Pictures must not appear in the copy. Restate exactly the lines below from the one with "大家好,綜合小編來為大家講解" through the one with "L’artista ha la", inclusive.

#### Records provided:
☆ ☆ ☆ ☆ ☆

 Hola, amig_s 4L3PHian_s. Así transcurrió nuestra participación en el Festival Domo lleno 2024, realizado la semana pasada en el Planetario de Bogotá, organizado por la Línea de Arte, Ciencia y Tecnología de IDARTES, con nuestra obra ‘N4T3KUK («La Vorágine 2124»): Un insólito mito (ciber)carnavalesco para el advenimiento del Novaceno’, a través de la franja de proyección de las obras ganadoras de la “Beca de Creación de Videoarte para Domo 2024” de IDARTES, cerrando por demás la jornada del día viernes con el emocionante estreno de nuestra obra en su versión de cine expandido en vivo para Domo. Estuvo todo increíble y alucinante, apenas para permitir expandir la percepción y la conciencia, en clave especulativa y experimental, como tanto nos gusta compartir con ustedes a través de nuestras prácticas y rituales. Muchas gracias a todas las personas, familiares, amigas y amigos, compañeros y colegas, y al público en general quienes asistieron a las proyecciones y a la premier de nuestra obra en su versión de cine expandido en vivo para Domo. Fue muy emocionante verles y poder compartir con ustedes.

☆ ☆ ☆ ☆ ☆

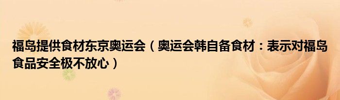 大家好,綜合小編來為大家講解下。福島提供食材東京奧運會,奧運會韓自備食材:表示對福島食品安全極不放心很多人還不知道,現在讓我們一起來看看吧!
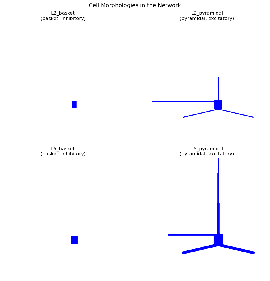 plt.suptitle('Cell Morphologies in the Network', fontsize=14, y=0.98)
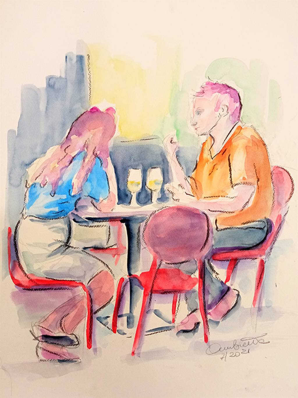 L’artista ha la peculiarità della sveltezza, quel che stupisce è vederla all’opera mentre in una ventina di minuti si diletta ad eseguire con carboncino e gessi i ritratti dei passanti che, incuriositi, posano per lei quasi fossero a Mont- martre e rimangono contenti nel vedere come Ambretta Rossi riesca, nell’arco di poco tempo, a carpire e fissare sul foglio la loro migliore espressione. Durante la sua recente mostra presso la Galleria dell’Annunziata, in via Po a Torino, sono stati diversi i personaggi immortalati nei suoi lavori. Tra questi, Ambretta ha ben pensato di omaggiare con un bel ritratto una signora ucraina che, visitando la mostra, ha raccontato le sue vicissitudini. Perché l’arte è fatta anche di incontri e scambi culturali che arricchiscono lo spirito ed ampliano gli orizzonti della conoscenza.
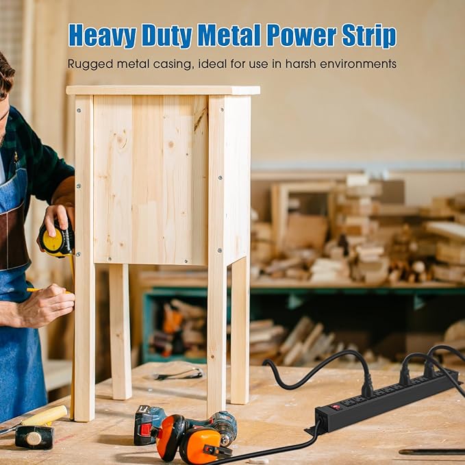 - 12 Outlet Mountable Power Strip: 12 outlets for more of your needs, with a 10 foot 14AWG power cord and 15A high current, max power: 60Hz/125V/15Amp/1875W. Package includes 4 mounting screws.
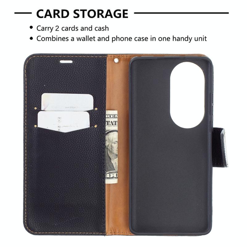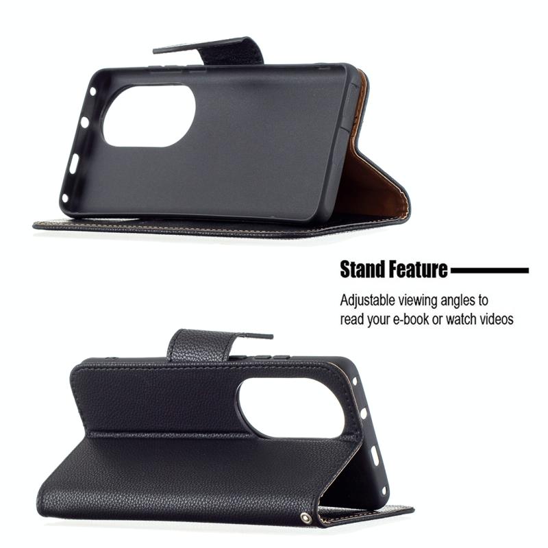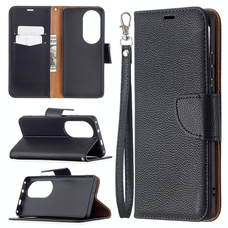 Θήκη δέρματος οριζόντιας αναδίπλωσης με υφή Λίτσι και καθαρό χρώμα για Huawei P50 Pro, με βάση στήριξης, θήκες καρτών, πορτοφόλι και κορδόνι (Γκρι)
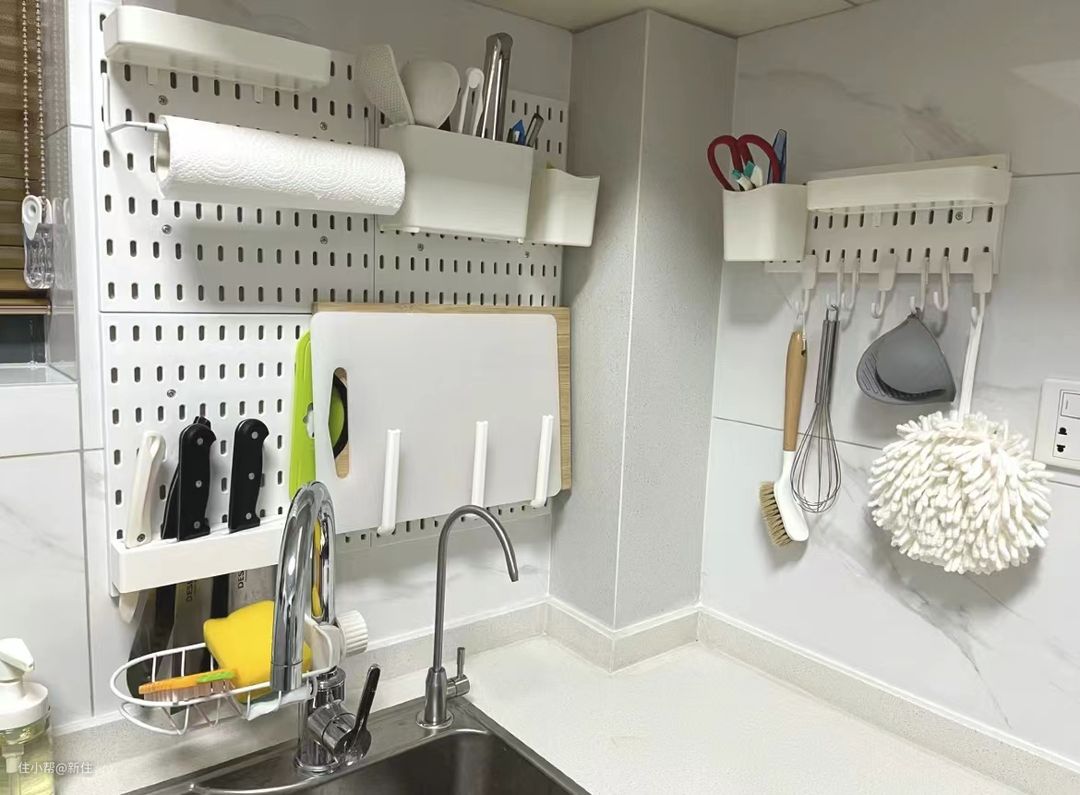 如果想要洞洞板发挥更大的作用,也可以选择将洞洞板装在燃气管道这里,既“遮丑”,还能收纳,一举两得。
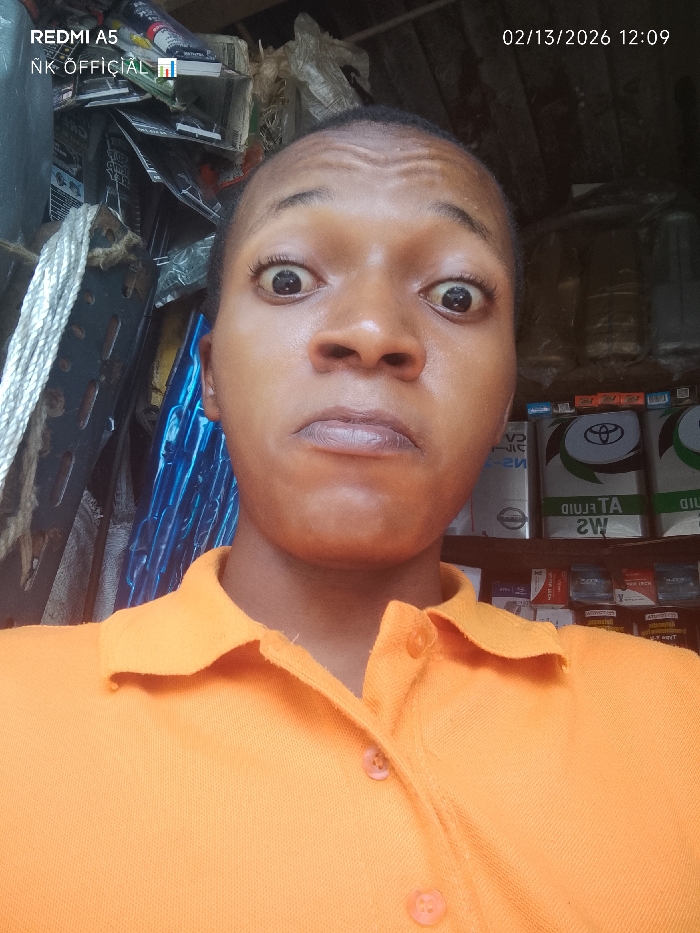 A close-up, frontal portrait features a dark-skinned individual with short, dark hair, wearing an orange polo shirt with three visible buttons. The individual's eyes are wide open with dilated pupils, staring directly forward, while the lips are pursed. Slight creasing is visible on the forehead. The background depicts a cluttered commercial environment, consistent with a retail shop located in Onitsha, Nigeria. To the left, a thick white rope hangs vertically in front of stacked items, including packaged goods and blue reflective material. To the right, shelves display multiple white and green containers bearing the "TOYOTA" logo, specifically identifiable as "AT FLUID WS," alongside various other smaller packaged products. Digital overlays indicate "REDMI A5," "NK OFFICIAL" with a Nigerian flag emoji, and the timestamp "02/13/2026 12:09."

☆ ☆ ☆ ☆ ☆

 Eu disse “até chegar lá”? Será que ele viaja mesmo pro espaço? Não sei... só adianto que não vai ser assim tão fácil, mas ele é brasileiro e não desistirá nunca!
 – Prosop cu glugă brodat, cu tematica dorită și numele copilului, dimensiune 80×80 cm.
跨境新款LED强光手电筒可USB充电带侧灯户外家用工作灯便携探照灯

☆ ☆ ☆ ☆ ☆

#### Exercise response:
 大家好,綜合小編來為大家講解下。福島提供食材東京奧運會,奧運會韓自備食材:表示對福島食品安全極不放心很多人還不知道,現在讓我們一起來看看吧!
 plt.suptitle('Cell Morphologies in the Network', fontsize=14, y=0.98)
 L’artista ha la peculiarità della sveltezza, quel che stupisce è vederla all’opera mentre in una ventina di minuti si diletta ad eseguire con carboncino e gessi i ritratti dei passanti che, incuriositi, posano per lei quasi fossero a Mont- martre e rimangono contenti nel vedere come Ambretta Rossi riesca, nell’arco di poco tempo, a carpire e fissare sul foglio la loro migliore espressione. Durante la sua recente mostra presso la Galleria dell’Annunziata, in via Po a Torino, sono stati diversi i personaggi immortalati nei suoi lavori. Tra questi, Ambretta ha ben pensato di omaggiare con un bel ritratto una signora ucraina che, visitando la mostra, ha raccontato le sue vicissitudini. Perché l’arte è fatta anche di incontri e scambi culturali che arricchiscono lo spirito ed ampliano gli orizzonti della conoscenza.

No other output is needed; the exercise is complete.